— Data for review —
---*---

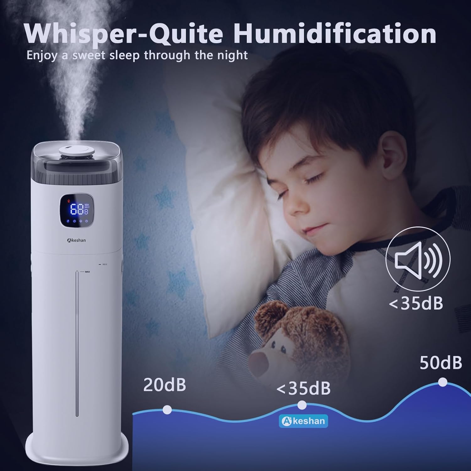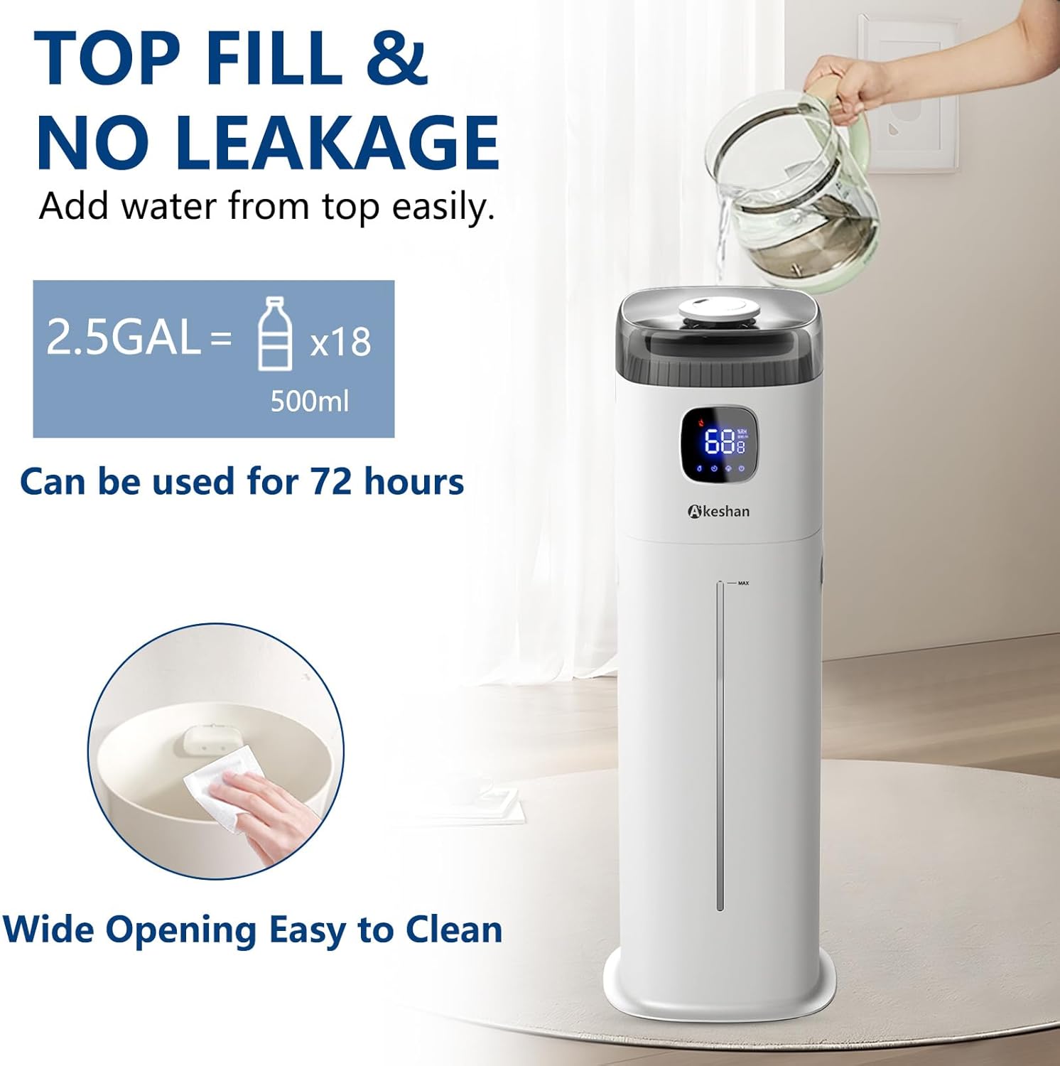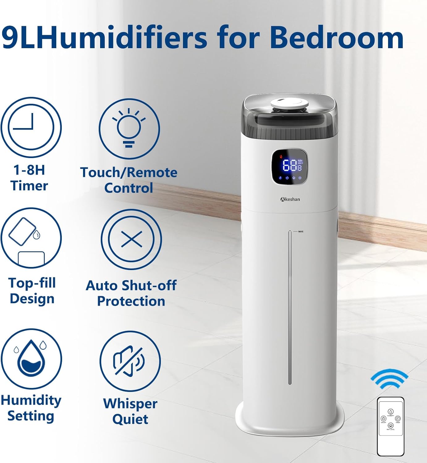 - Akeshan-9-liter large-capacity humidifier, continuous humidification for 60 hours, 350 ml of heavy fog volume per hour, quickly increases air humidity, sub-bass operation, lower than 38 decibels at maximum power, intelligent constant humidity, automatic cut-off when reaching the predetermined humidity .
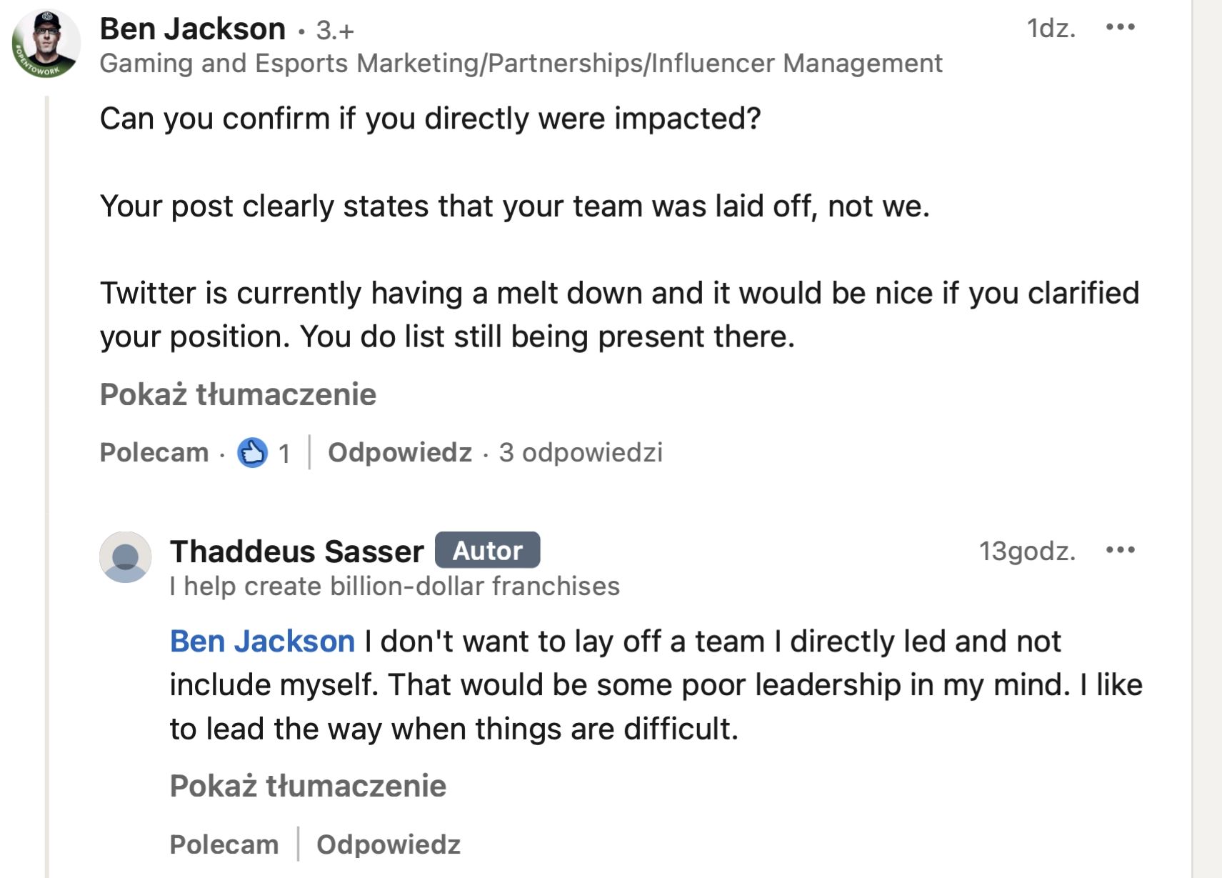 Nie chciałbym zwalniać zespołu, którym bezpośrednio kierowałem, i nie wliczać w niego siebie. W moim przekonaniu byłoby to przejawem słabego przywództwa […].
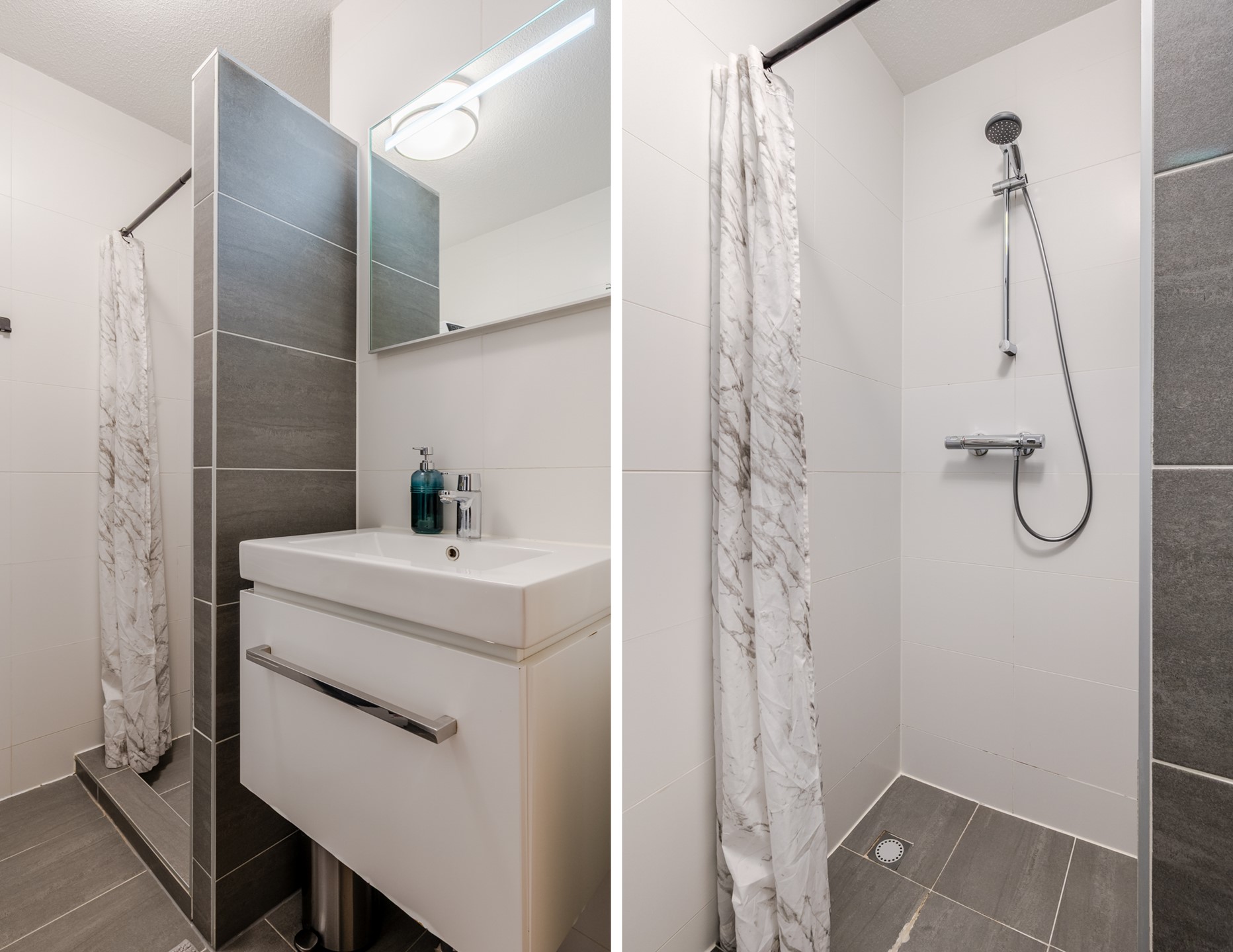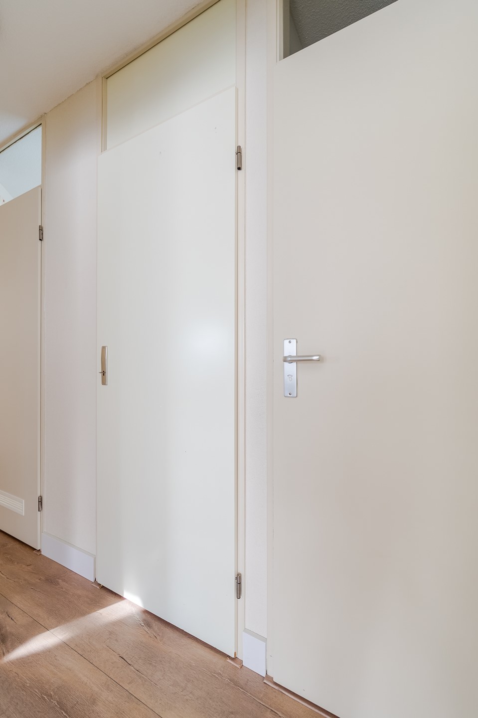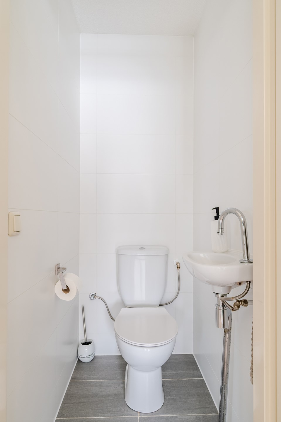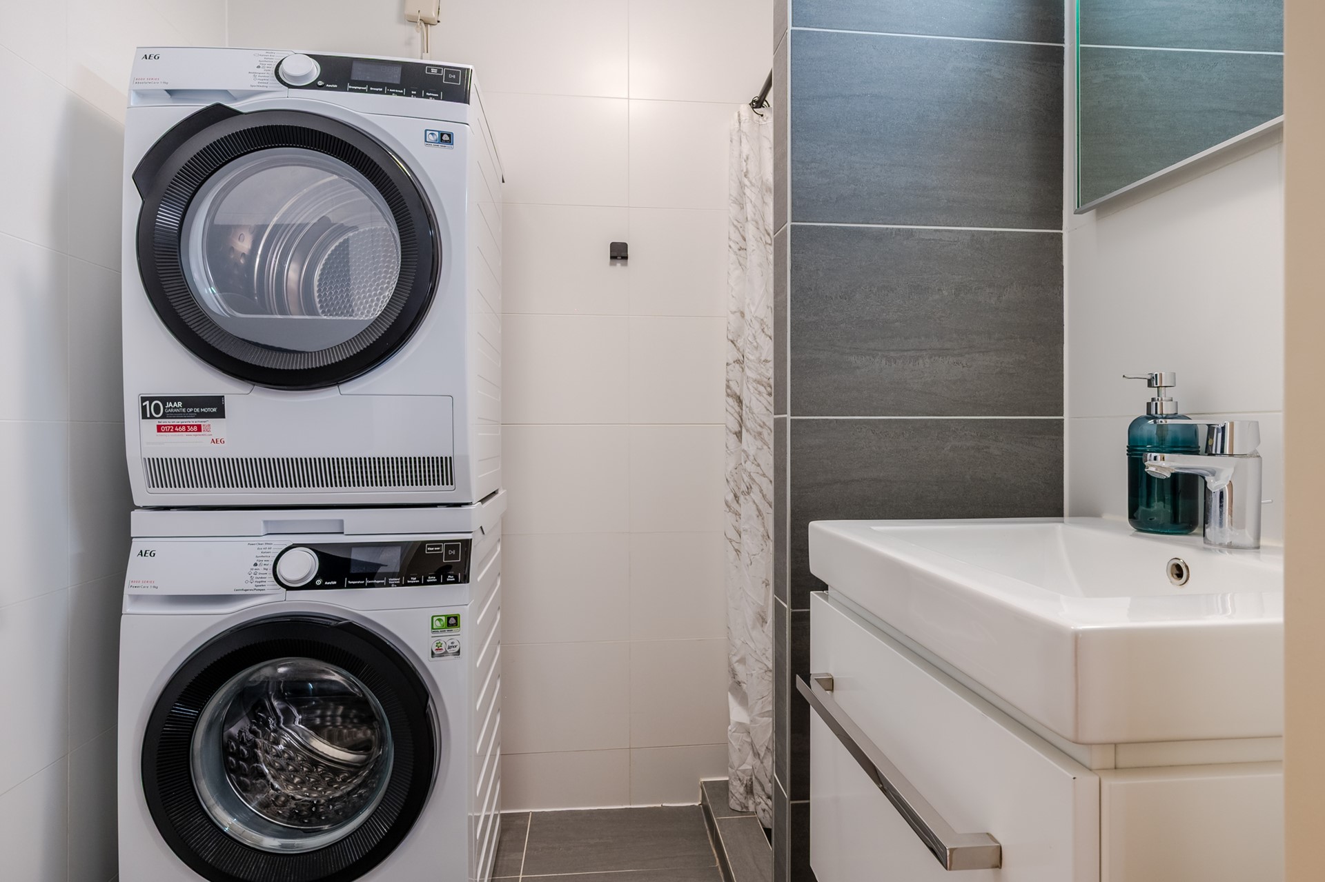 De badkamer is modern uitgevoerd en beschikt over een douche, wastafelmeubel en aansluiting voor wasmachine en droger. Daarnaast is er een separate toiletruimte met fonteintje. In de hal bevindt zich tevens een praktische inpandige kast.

---*---

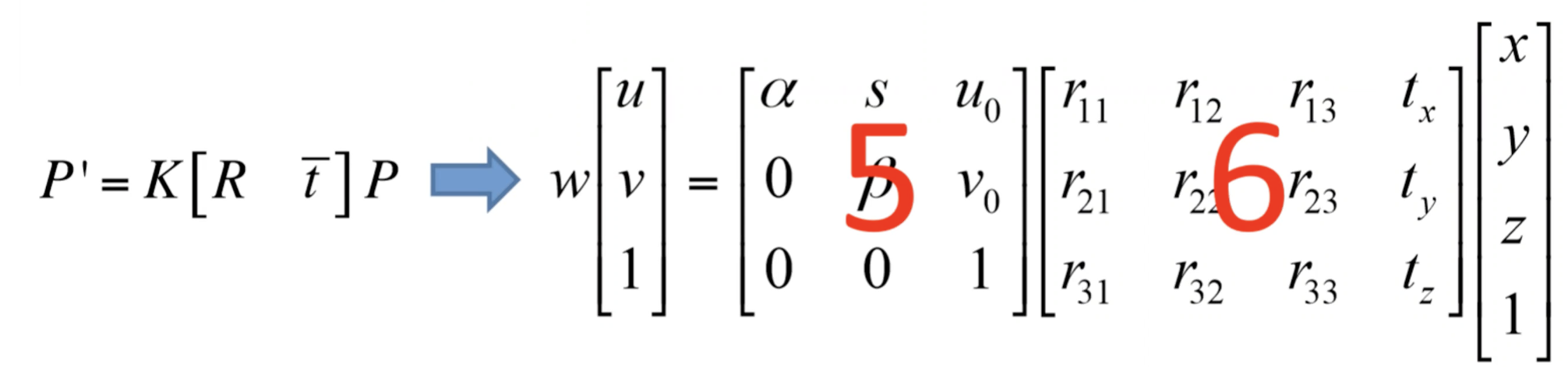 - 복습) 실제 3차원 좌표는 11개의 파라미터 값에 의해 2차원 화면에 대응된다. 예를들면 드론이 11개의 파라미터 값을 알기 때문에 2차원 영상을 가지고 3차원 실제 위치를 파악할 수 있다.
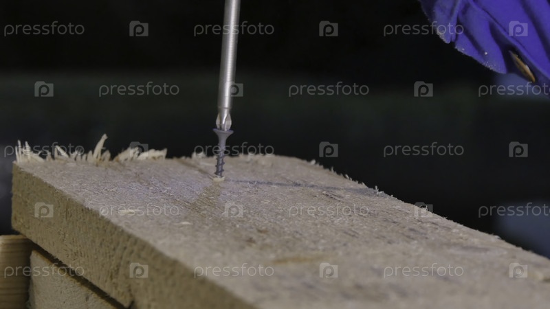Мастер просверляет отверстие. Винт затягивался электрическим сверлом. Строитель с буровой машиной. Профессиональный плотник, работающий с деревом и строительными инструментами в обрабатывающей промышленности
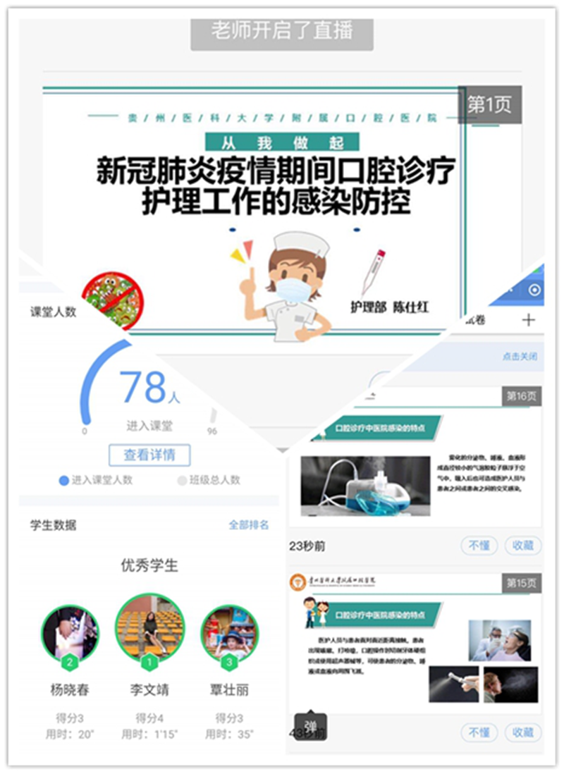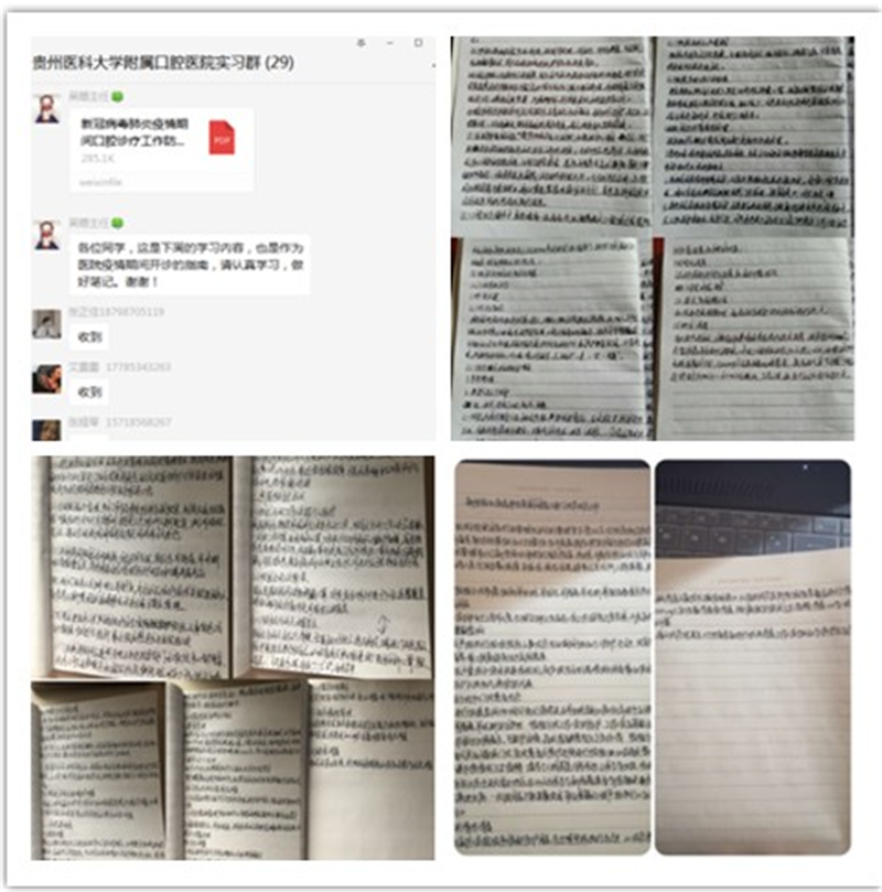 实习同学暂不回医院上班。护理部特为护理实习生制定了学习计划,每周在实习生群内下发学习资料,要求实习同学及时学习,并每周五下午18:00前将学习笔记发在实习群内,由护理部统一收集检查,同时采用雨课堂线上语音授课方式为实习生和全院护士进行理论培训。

---*---

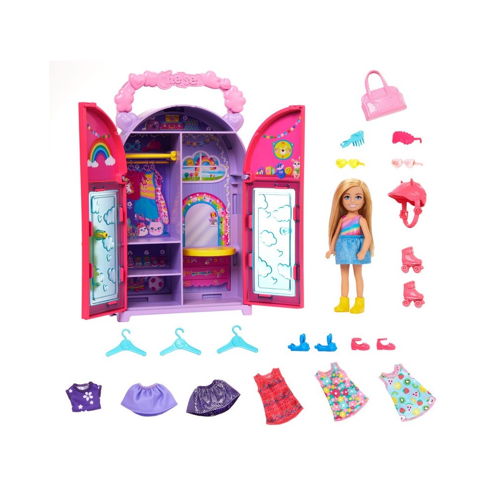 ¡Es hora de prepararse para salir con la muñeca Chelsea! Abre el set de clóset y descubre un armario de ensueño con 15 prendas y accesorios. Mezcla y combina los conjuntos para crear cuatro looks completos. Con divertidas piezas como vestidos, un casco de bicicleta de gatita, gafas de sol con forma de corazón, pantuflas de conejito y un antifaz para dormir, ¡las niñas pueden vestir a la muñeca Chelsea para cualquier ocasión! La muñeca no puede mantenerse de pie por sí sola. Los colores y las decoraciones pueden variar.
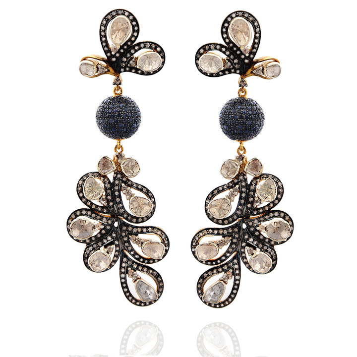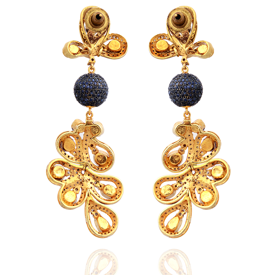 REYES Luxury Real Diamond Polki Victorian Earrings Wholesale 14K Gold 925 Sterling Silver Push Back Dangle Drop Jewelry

---*---

Starting at the line above that holds "Мастер просверляет отверстие.", return each line up to and including the one that holds "实习同学暂不回医院上班。护理", exactly as written, minus any pictures.

— Answer to the problem —
Мастер просверляет отверстие. Винт затягивался электрическим сверлом. Строитель с буровой машиной. Профессиональный плотник, работающий с деревом и строительными инструментами в обрабатывающей промышленности
 实习同学暂不回医院上班。护理部特为护理实习生制定了学习计划,每周在实习生群内下发学习资料,要求实习同学及时学习,并每周五下午18:00前将学习笔记发在实习群内,由护理部统一收集检查,同时采用雨课堂线上语音授课方式为实习生和全院护士进行理论培训。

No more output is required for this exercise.